Records excerpted from a collection:
--
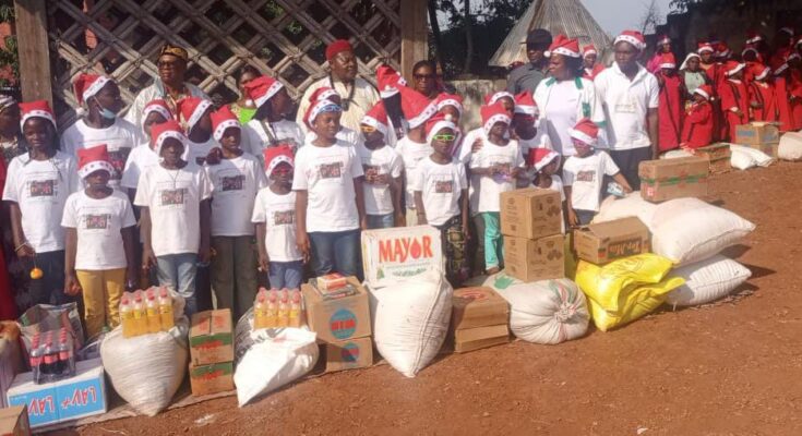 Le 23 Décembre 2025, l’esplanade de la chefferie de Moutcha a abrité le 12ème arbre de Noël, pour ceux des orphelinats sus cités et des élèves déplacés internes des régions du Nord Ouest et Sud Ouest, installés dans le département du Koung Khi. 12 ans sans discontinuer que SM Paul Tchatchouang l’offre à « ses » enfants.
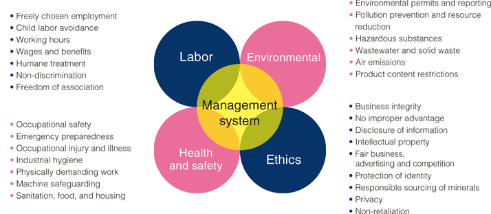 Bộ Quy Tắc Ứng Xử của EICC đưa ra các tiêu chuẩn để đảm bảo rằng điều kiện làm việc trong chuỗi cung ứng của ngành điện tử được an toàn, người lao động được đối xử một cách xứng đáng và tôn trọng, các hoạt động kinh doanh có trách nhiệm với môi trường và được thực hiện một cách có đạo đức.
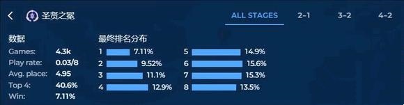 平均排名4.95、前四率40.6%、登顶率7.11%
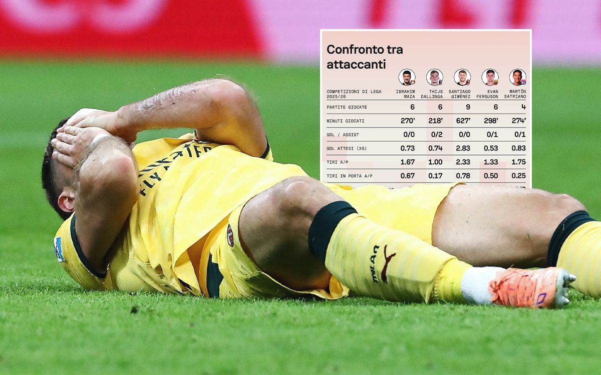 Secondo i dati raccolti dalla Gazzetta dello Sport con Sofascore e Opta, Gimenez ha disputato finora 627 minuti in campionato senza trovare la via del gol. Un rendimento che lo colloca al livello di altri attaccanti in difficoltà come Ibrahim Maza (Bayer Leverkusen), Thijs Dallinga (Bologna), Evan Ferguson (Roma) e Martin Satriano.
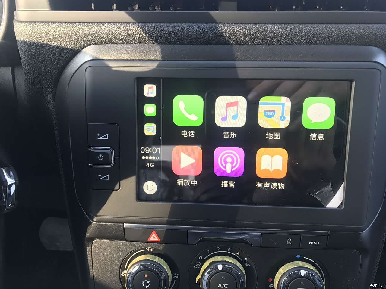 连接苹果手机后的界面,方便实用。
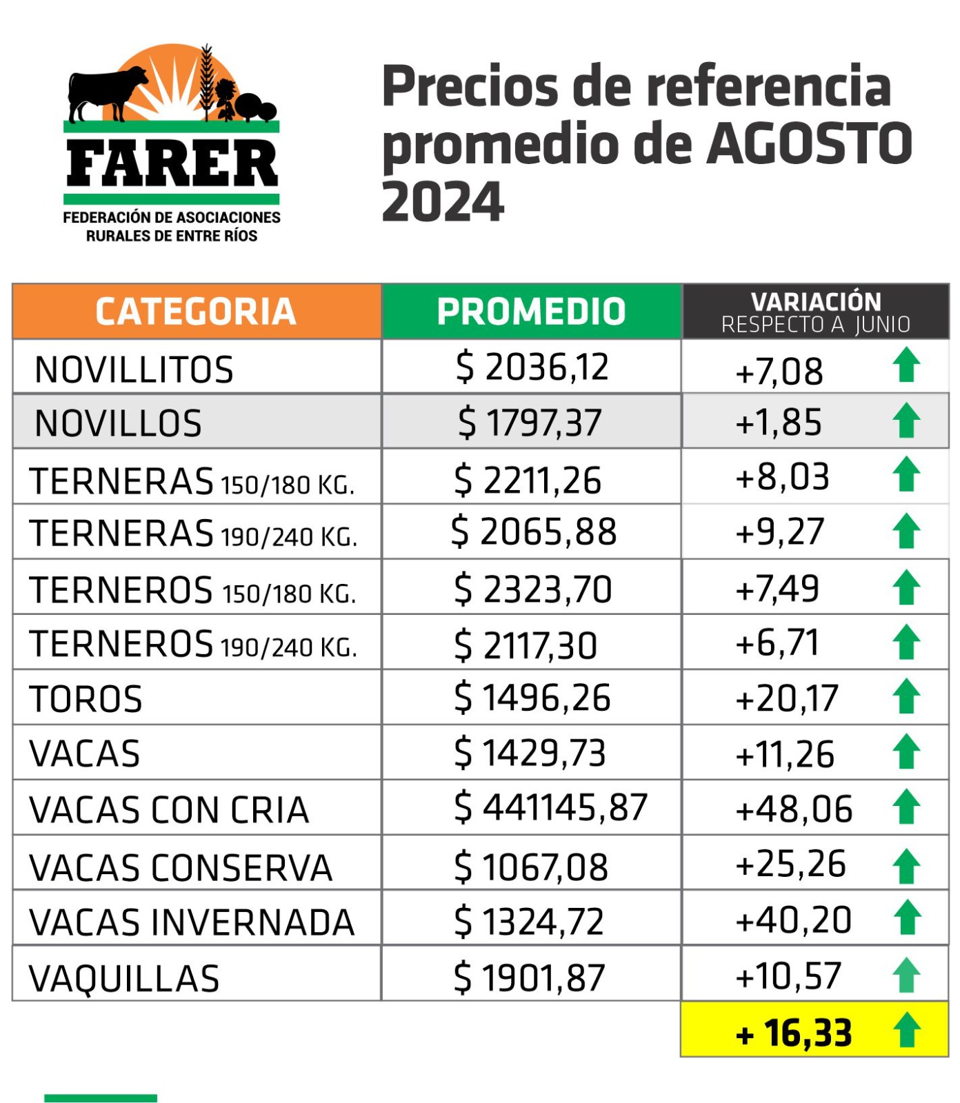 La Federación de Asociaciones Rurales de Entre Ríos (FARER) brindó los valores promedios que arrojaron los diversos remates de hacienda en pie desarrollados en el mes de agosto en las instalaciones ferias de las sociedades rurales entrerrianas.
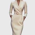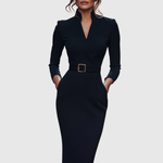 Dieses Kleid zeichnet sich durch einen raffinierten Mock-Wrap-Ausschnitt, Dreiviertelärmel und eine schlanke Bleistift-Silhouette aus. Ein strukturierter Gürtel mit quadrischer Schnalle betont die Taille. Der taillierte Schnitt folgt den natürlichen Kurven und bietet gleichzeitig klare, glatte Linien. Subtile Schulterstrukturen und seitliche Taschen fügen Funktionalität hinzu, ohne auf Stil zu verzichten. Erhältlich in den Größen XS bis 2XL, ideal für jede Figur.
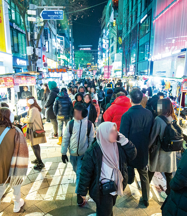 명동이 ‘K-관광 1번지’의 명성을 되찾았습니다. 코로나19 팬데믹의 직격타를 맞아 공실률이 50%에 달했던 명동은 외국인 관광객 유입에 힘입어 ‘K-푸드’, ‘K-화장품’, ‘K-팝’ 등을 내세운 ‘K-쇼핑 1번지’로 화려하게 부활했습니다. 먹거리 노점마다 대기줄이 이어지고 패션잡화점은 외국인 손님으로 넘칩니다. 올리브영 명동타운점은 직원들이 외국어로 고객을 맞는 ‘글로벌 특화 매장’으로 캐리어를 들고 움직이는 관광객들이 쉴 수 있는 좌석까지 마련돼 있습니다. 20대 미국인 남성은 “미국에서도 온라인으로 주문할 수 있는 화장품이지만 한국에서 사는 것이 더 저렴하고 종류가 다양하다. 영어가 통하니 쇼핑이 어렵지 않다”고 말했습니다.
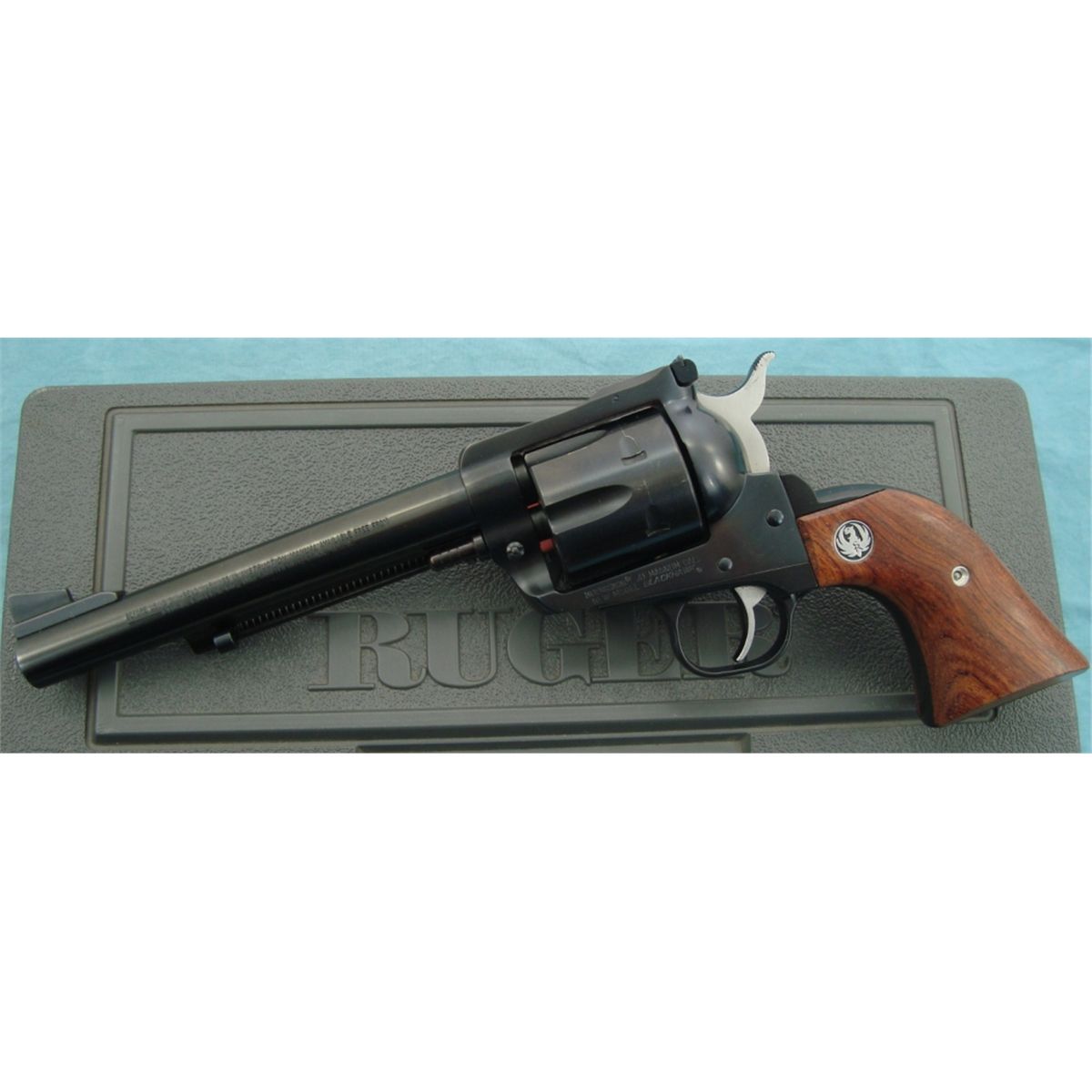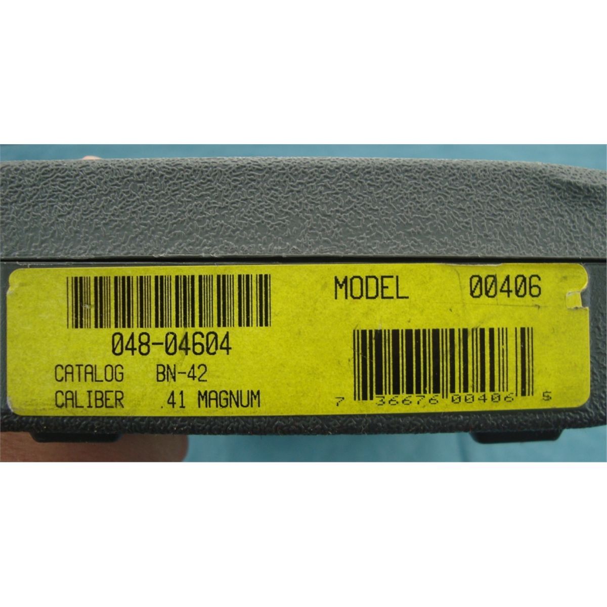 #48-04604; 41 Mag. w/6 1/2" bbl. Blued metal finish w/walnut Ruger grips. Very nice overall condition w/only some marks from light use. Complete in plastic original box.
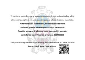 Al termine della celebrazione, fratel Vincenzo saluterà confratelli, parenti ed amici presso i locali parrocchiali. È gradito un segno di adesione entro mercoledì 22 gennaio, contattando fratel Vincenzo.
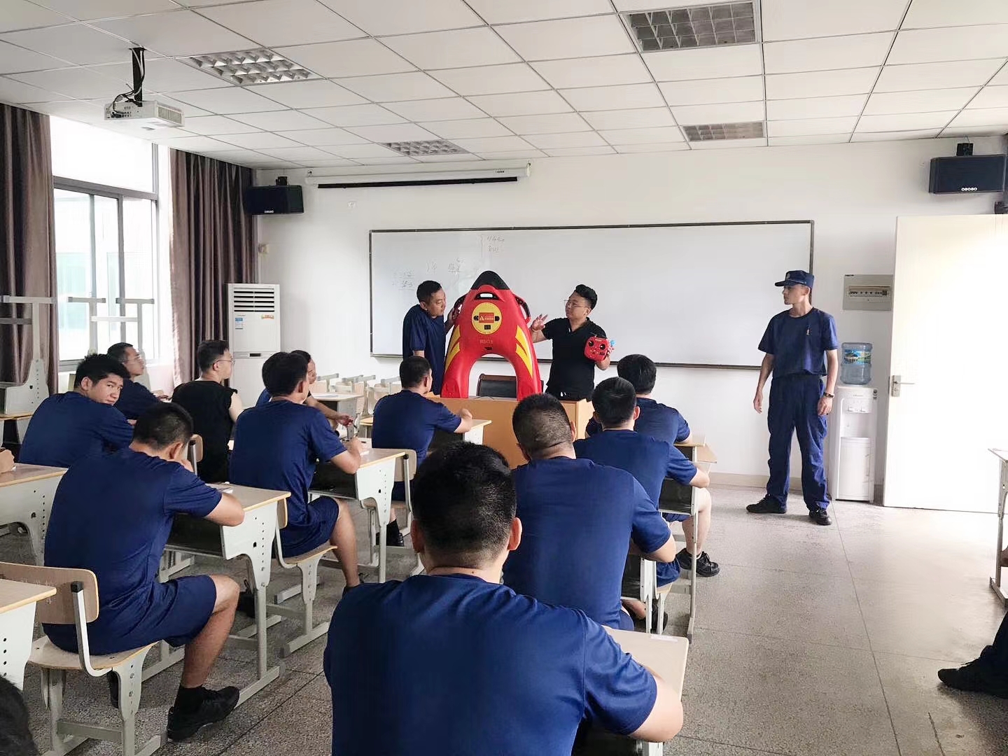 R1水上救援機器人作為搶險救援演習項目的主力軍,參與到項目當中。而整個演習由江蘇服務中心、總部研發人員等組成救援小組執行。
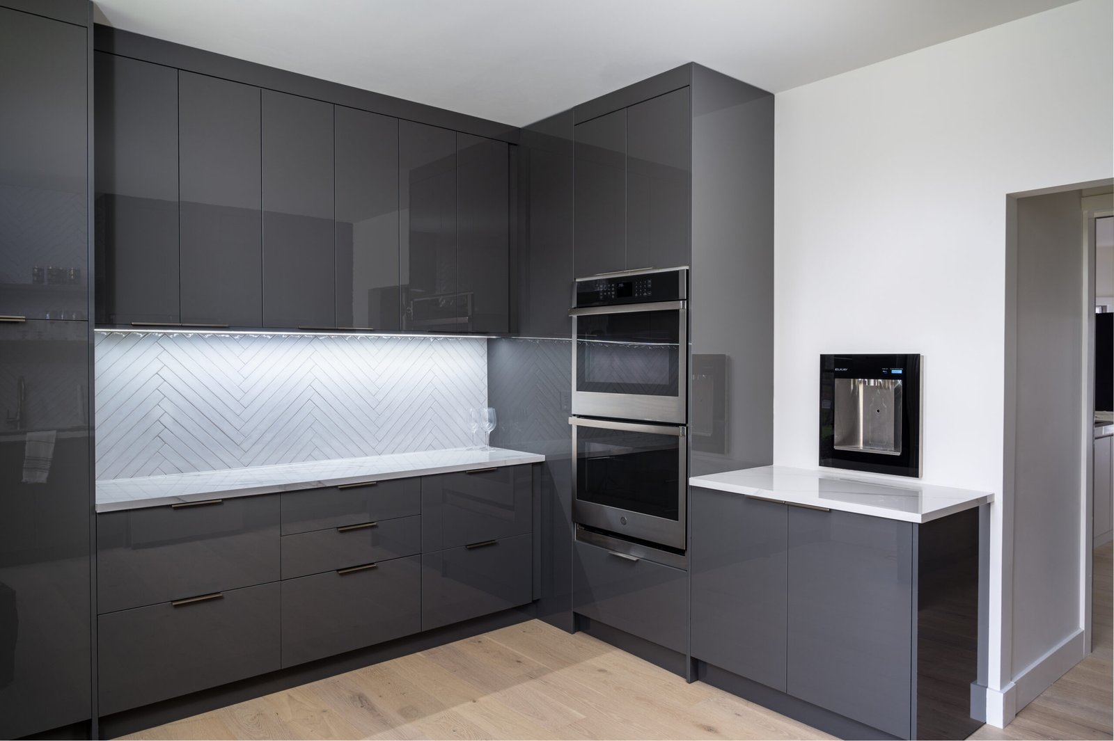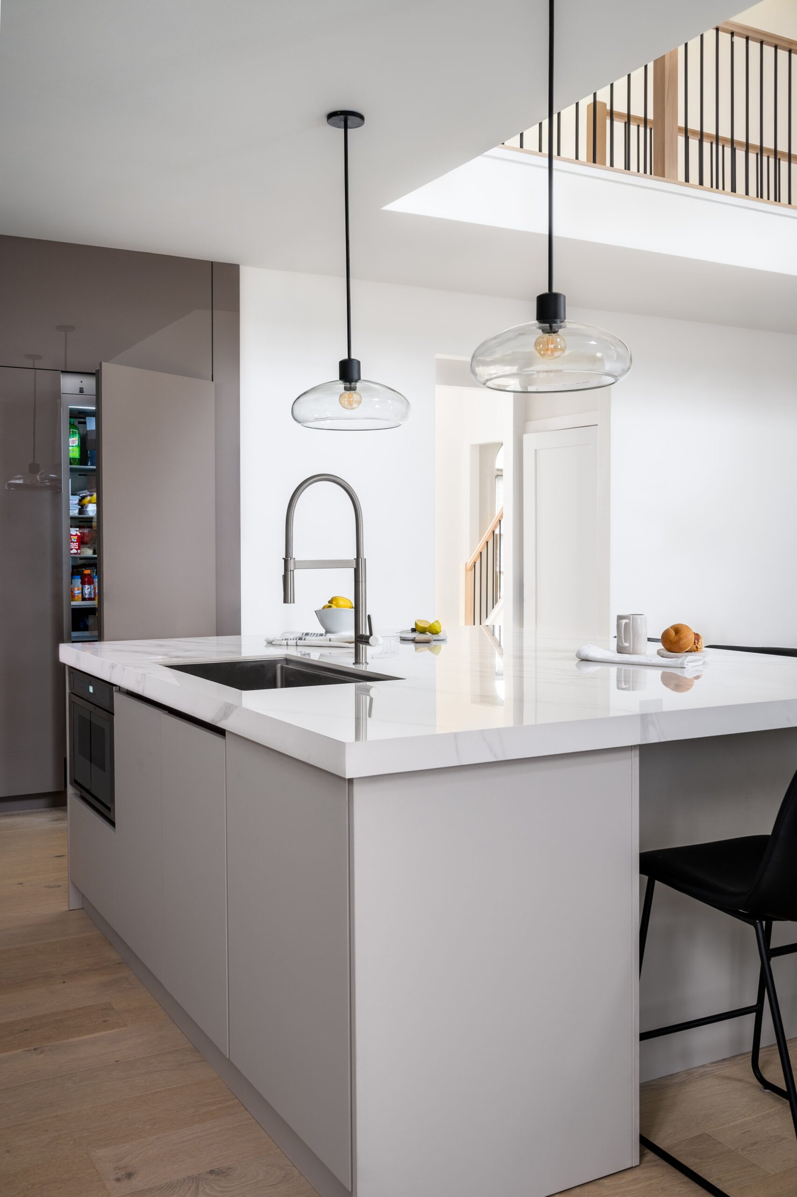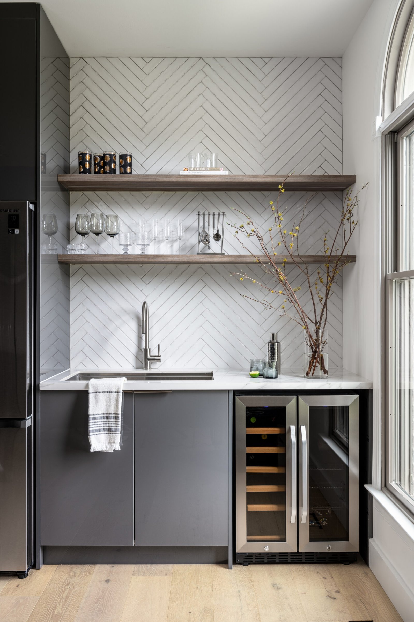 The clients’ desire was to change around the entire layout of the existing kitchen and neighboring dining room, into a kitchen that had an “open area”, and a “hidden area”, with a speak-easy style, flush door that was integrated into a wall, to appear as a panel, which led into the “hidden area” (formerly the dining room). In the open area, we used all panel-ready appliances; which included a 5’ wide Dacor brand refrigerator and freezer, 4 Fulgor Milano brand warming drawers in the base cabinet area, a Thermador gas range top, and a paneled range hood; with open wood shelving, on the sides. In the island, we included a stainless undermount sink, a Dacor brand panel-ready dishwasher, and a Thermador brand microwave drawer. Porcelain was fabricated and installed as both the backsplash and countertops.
--
(Action item):
The entries above should be written out in full, and any picture in them left out.

(Solution for this task):
 Le 23 Décembre 2025, l’esplanade de la chefferie de Moutcha a abrité le 12ème arbre de Noël, pour ceux des orphelinats sus cités et des élèves déplacés internes des régions du Nord Ouest et Sud Ouest, installés dans le département du Koung Khi. 12 ans sans discontinuer que SM Paul Tchatchouang l’offre à « ses » enfants.
 Bộ Quy Tắc Ứng Xử của EICC đưa ra các tiêu chuẩn để đảm bảo rằng điều kiện làm việc trong chuỗi cung ứng của ngành điện tử được an toàn, người lao động được đối xử một cách xứng đáng và tôn trọng, các hoạt động kinh doanh có trách nhiệm với môi trường và được thực hiện một cách có đạo đức.
 平均排名4.95、前四率40.6%、登顶率7.11%
 Secondo i dati raccolti dalla Gazzetta dello Sport con Sofascore e Opta, Gimenez ha disputato finora 627 minuti in campionato senza trovare la via del gol. Un rendimento che lo colloca al livello di altri attaccanti in difficoltà come Ibrahim Maza (Bayer Leverkusen), Thijs Dallinga (Bologna), Evan Ferguson (Roma) e Martin Satriano.
 连接苹果手机后的界面,方便实用。
 La Federación de Asociaciones Rurales de Entre Ríos (FARER) brindó los valores promedios que arrojaron los diversos remates de hacienda en pie desarrollados en el mes de agosto en las instalaciones ferias de las sociedades rurales entrerrianas.
 Dieses Kleid zeichnet sich durch einen raffinierten Mock-Wrap-Ausschnitt, Dreiviertelärmel und eine schlanke Bleistift-Silhouette aus. Ein strukturierter Gürtel mit quadrischer Schnalle betont die Taille. Der taillierte Schnitt folgt den natürlichen Kurven und bietet gleichzeitig klare, glatte Linien. Subtile Schulterstrukturen und seitliche Taschen fügen Funktionalität hinzu, ohne auf Stil zu verzichten. Erhältlich in den Größen XS bis 2XL, ideal für jede Figur.
 명동이 ‘K-관광 1번지’의 명성을 되찾았습니다. 코로나19 팬데믹의 직격타를 맞아 공실률이 50%에 달했던 명동은 외국인 관광객 유입에 힘입어 ‘K-푸드’, ‘K-화장품’, ‘K-팝’ 등을 내세운 ‘K-쇼핑 1번지’로 화려하게 부활했습니다. 먹거리 노점마다 대기줄이 이어지고 패션잡화점은 외국인 손님으로 넘칩니다. 올리브영 명동타운점은 직원들이 외국어로 고객을 맞는 ‘글로벌 특화 매장’으로 캐리어를 들고 움직이는 관광객들이 쉴 수 있는 좌석까지 마련돼 있습니다. 20대 미국인 남성은 “미국에서도 온라인으로 주문할 수 있는 화장품이지만 한국에서 사는 것이 더 저렴하고 종류가 다양하다. 영어가 통하니 쇼핑이 어렵지 않다”고 말했습니다.
 #48-04604; 41 Mag. w/6 1/2" bbl. Blued metal finish w/walnut Ruger grips. Very nice overall condition w/only some marks from light use. Complete in plastic original box.
 Al termine della celebrazione, fratel Vincenzo saluterà confratelli, parenti ed amici presso i locali parrocchiali. È gradito un segno di adesione entro mercoledì 22 gennaio, contattando fratel Vincenzo.
 R1水上救援機器人作為搶險救援演習項目的主力軍,參與到項目當中。而整個演習由江蘇服務中心、總部研發人員等組成救援小組執行。
 The clients’ desire was to change around the entire layout of the existing kitchen and neighboring dining room, into a kitchen that had an “open area”, and a “hidden area”, with a speak-easy style, flush door that was integrated into a wall, to appear as a panel, which led into the “hidden area” (formerly the dining room). In the open area, we used all panel-ready appliances; which included a 5’ wide Dacor brand refrigerator and freezer, 4 Fulgor Milano brand warming drawers in the base cabinet area, a Thermador gas range top, and a paneled range hood; with open wood shelving, on the sides. In the island, we included a stainless undermount sink, a Dacor brand panel-ready dishwasher, and a Thermador brand microwave drawer. Porcelain was fabricated and installed as both the backsplash and countertops.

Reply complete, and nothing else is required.